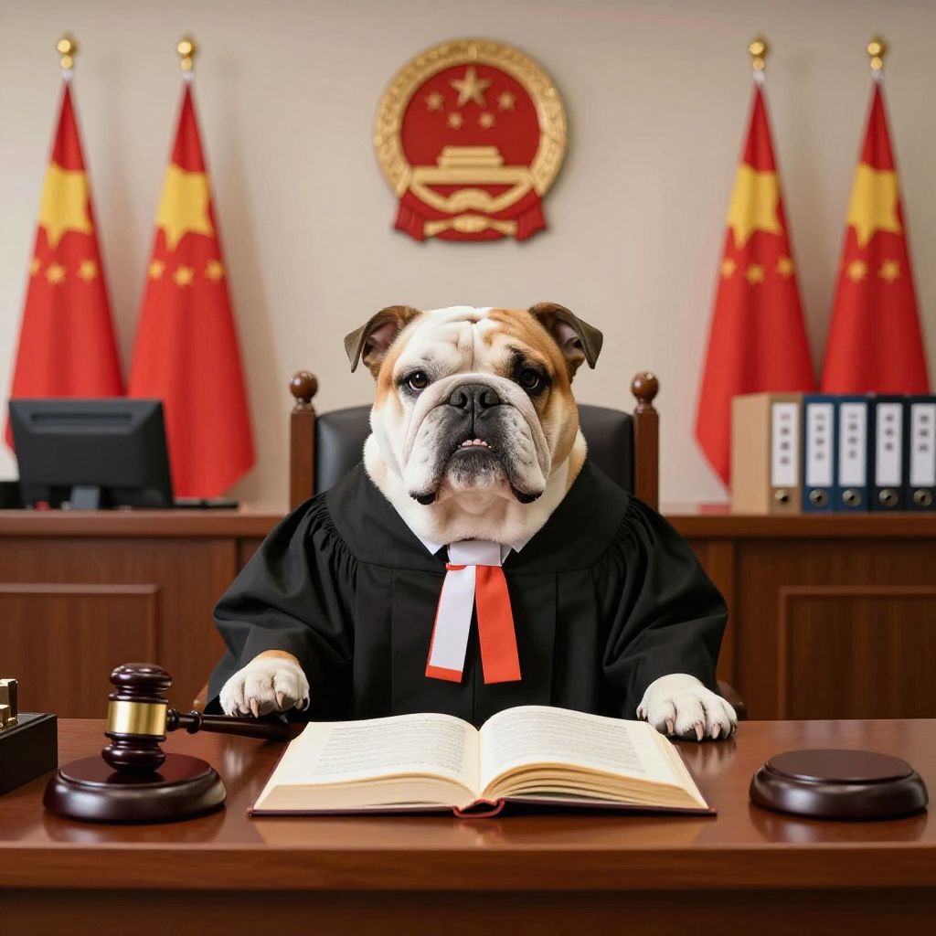 A bulldog dressed in a traditional judge's robe, presiding over a legal case in a Taiwanese courtroom. The dog sits behind a desk with an open law book, holding a gavel. The background features the emblem of Taiwan, red flags, and legal files with traditional Chinese text, creating a formal and distinctive Taiwanese judicial atmosphere.
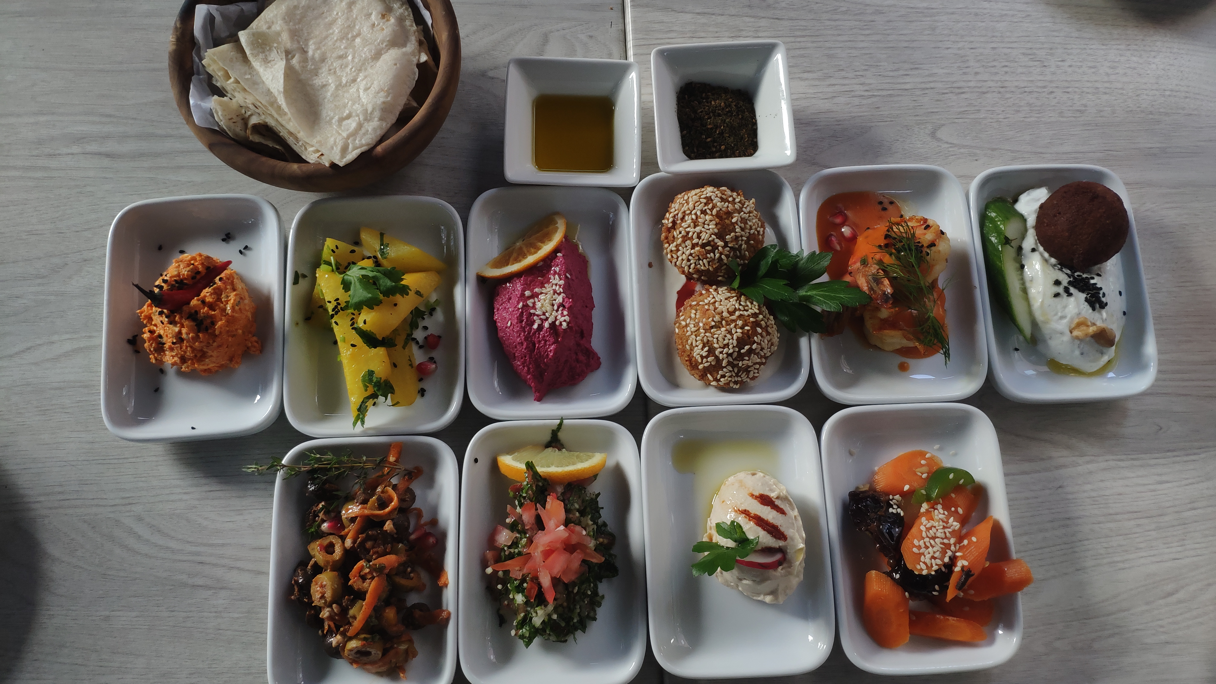 晚上 C 就带我们去吃了黎巴嫩菜。老实说,我不是很喜欢。C 和我们说了一下这家店和菜的历史,不过我基本忘了。但是有个服务员特别热情,知道我们是中国人还拿纸笔过来,让我们把他家里人的中国名字写下来,他拿去纹身。当然了,他们都在说德语,所以我全程耳聋。
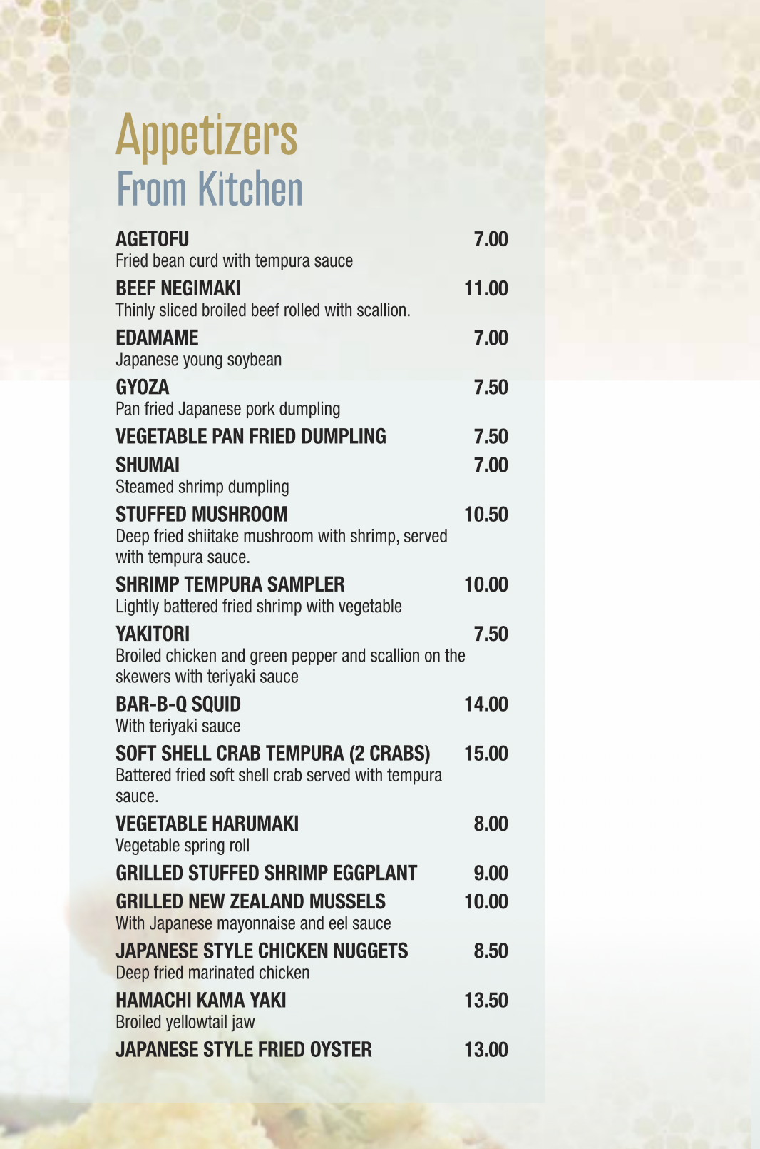 Sushi Menu
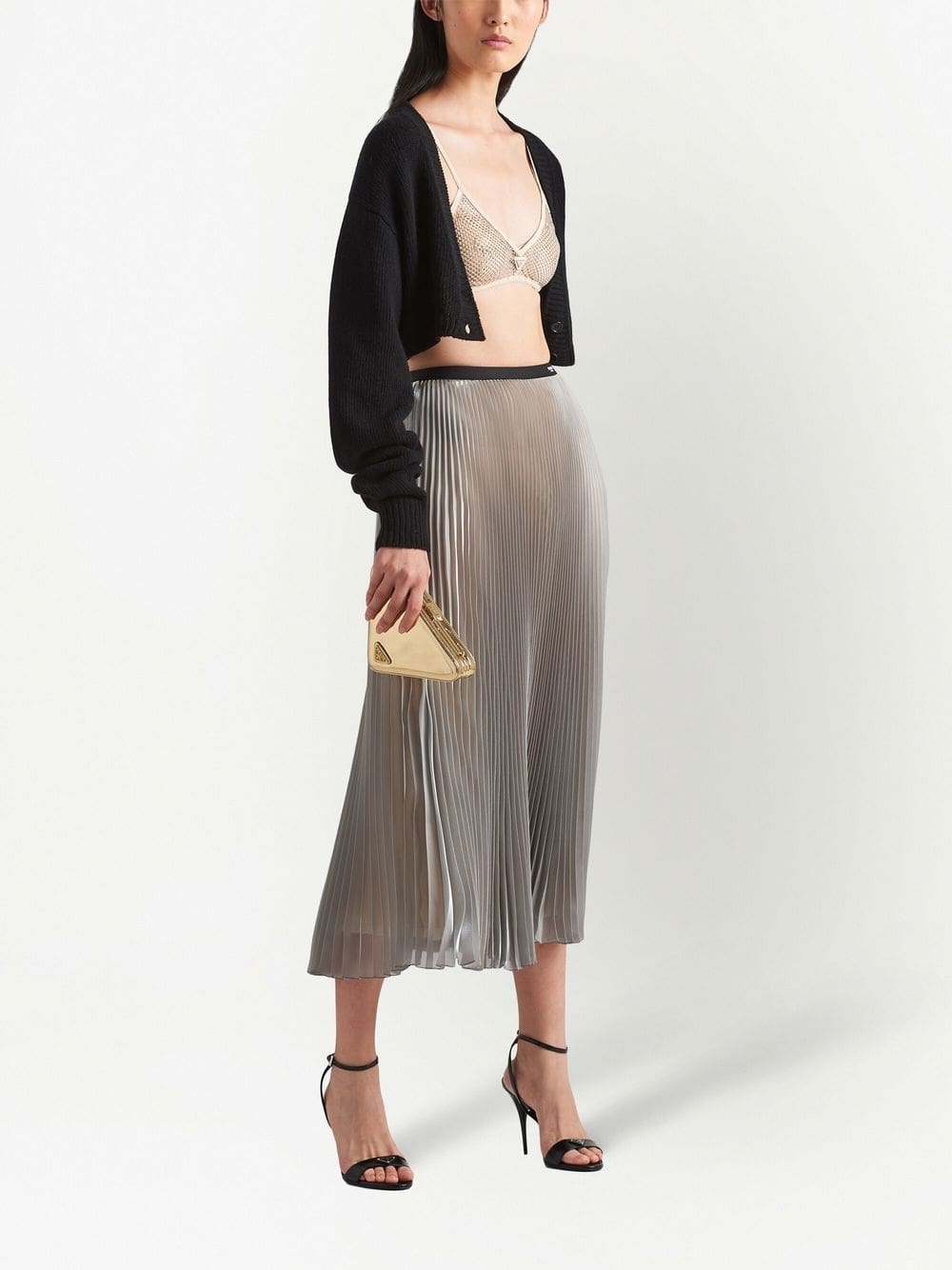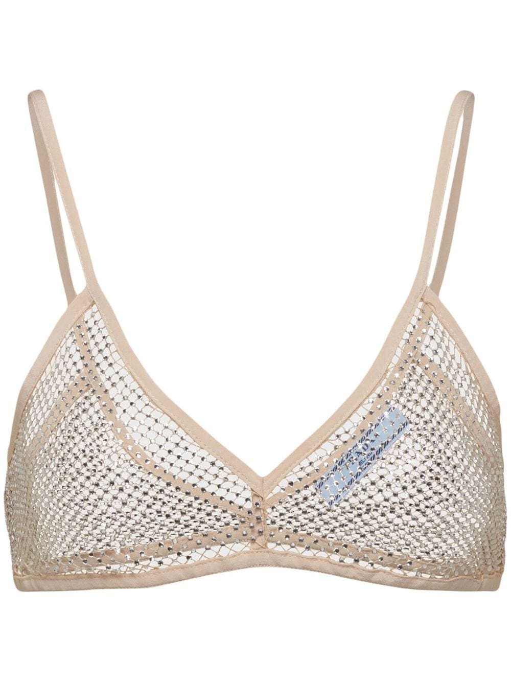 From Prada, this bralette top pairs mesh detailing with shimmering rhinestone embellishment, creating a modern finish for the design.
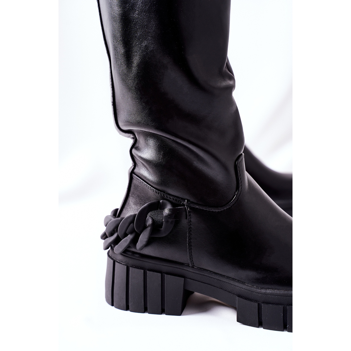 Inna marka Hohe schwarze Stiefel mit Kettenabriss
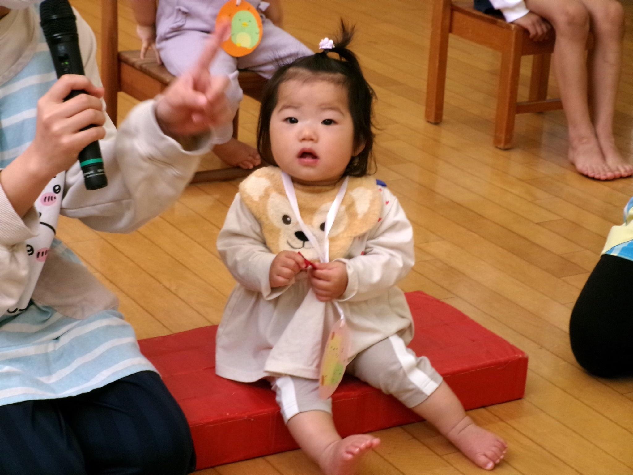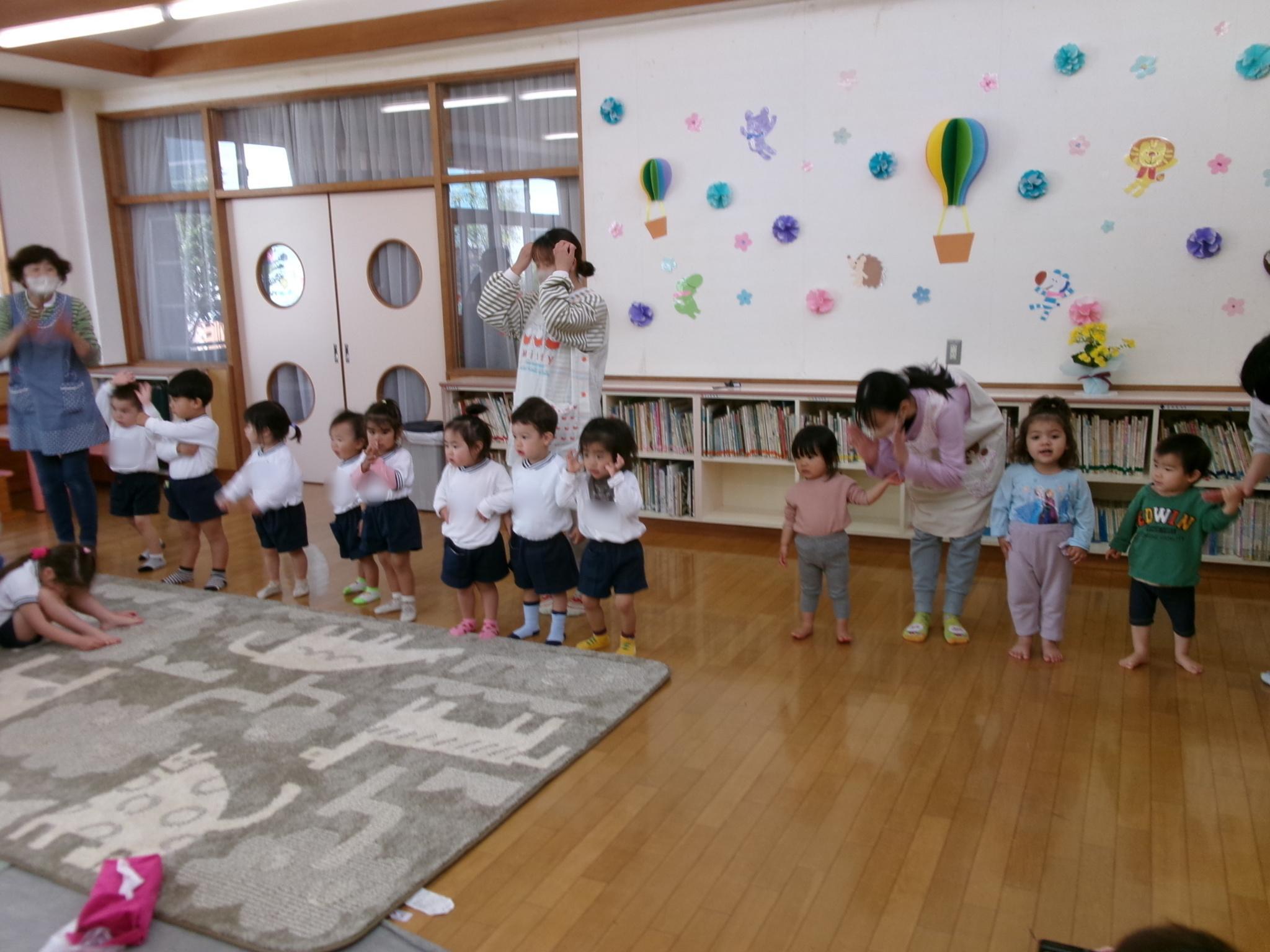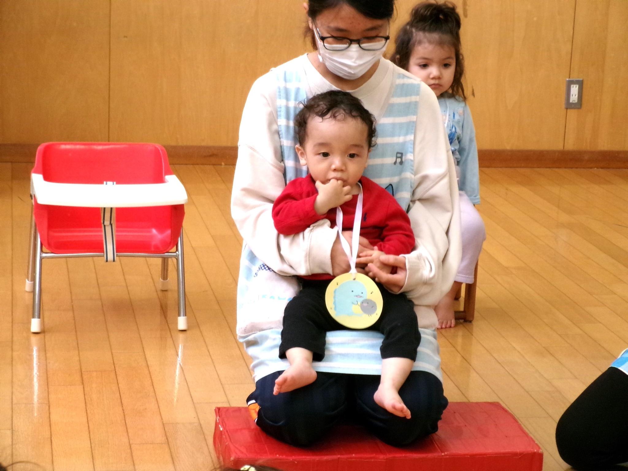 4月は4名のお友だちをお祝いしました。各クラスからのうたのプレゼントがありました。
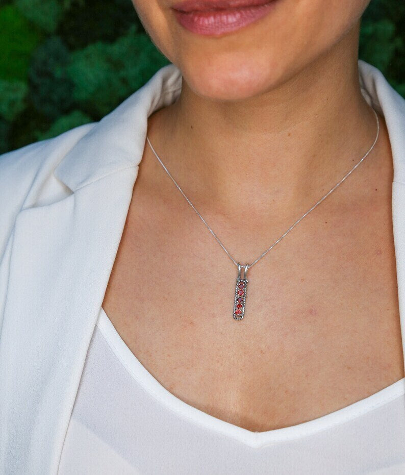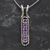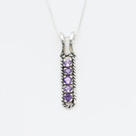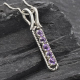 Vertical Amethyst Pendant set with Natural Amethysts in a flawless diamond cut and stunning purple color, 3mm, (1 Ct combined) from Brazil.
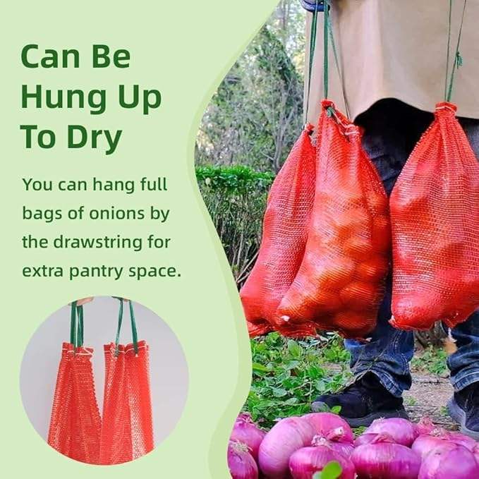 Bolsas de malla reutilizables ecológicas para almacenar cebollas, bolsa de red transpirable con cordón, bolsas multifuncionales para colgar productos.
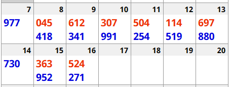 There were 3 hits on Tuesday: Arkansas (17), Indiana (57), and Wisconsin (49). The new pairs for these states are below.
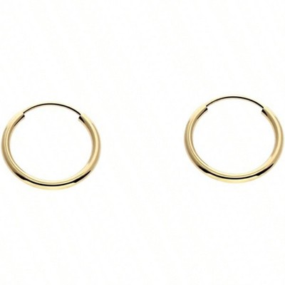 Yellow Gold Endless Hoop Earrings, Thin, Small, Flexible, Continuous Real Pure Gold Hoops
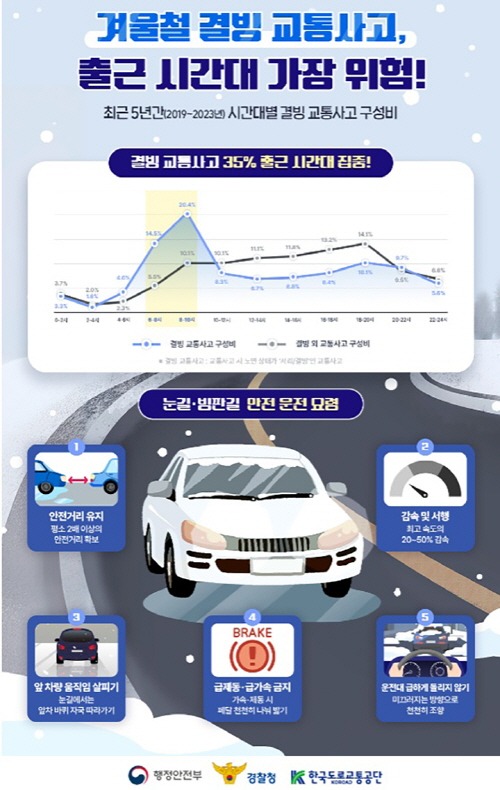 특히 이 시간대에는 밤사이 내린 서리 등이 도로에 얇게 얼어붙으며 살얼음이 생기기 쉬워 운전자들의 각별한 주의가 필요하다.
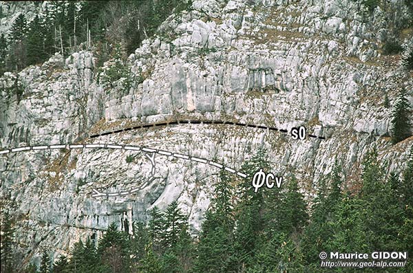 du pied des pistes. Il s'agit d'un abrupt de faille, dans lequel on distingue, en section, une ébauche de chevauchement de Combeauvieux (ØCv) à vergence* ouest, au sein même des couches urgoniennes (s0 =stratification). Le crochon qui se dessine sous la surface de chevauchement a un axe presque N-S, ce qui témoigne de la vergence* ouest de ce cisaillement. |
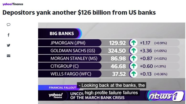 (서울=뉴스1) 박형기 기자 = 미국에서 전반적인 뱅크런(대규모 예금이탈) 조짐이 보이고 있다고 미국의 경제포털 ‘야후 파이낸스’가 지난달 31일(현지시간) 보도했다.
----------------
Task to complete: Leave every picture out and write out, word for word, the lines from the one that contains "Bolsas de malla" through the last line of the records.

Exercise solution:
 Bolsas de malla reutilizables ecológicas para almacenar cebollas, bolsa de red transpirable con cordón, bolsas multifuncionales para colgar productos.
 There were 3 hits on Tuesday: Arkansas (17), Indiana (57), and Wisconsin (49). The new pairs for these states are below.
 Yellow Gold Endless Hoop Earrings, Thin, Small, Flexible, Continuous Real Pure Gold Hoops
 특히 이 시간대에는 밤사이 내린 서리 등이 도로에 얇게 얼어붙으며 살얼음이 생기기 쉬워 운전자들의 각별한 주의가 필요하다.
 du pied des pistes. Il s'agit d'un abrupt de faille, dans lequel on distingue, en section, une ébauche de chevauchement de Combeauvieux (ØCv) à vergence* ouest, au sein même des couches urgoniennes (s0 =stratification). Le crochon qui se dessine sous la surface de chevauchement a un axe presque N-S, ce qui témoigne de la vergence* ouest de ce cisaillement. |
 (서울=뉴스1) 박형기 기자 = 미국에서 전반적인 뱅크런(대규모 예금이탈) 조짐이 보이고 있다고 미국의 경제포털 ‘야후 파이낸스’가 지난달 31일(현지시간) 보도했다.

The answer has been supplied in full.